> EXERCISE PROMPT
The reply should hold only the lines below beginning at the one with "фанеры и т.п.). |" and ending at the one with "شکلات خوری پایه دار مس و خاتم سیم برنجی", copied exactly, with every picture left out.

> PROVIDED RECORDS
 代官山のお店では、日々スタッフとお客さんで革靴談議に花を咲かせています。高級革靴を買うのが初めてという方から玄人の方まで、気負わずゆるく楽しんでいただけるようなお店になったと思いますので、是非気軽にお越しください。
---
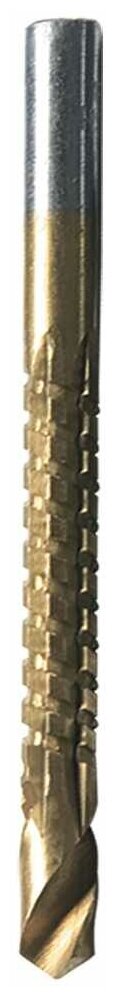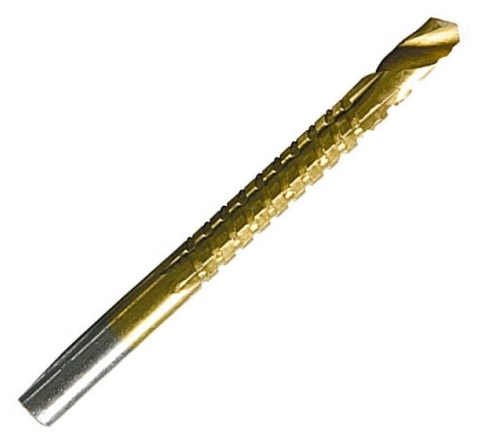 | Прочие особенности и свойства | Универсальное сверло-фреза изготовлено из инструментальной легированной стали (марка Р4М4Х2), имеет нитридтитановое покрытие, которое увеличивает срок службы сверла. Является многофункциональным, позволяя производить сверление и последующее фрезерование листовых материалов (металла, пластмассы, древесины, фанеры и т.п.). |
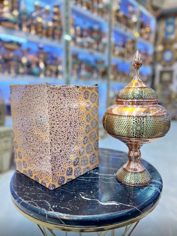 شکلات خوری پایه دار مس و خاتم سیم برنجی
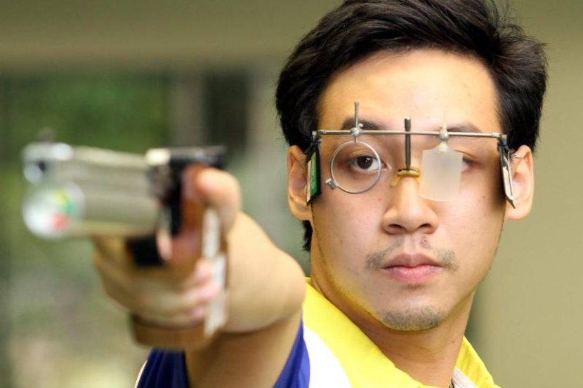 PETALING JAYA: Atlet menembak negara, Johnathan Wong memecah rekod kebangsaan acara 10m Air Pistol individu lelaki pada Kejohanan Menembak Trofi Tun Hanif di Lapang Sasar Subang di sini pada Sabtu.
...
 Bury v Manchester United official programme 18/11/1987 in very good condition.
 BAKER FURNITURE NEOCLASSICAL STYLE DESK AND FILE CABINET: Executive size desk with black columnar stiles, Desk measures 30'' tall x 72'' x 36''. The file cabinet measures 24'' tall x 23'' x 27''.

> RESPONSE TO THE TASK
 | Прочие особенности и свойства | Универсальное сверло-фреза изготовлено из инструментальной легированной стали (марка Р4М4Х2), имеет нитридтитановое покрытие, которое увеличивает срок службы сверла. Является многофункциональным, позволяя производить сверление и последующее фрезерование листовых материалов (металла, пластмассы, древесины, фанеры и т.п.). |
 شکلات خوری پایه دار مس و خاتم سیم برنجی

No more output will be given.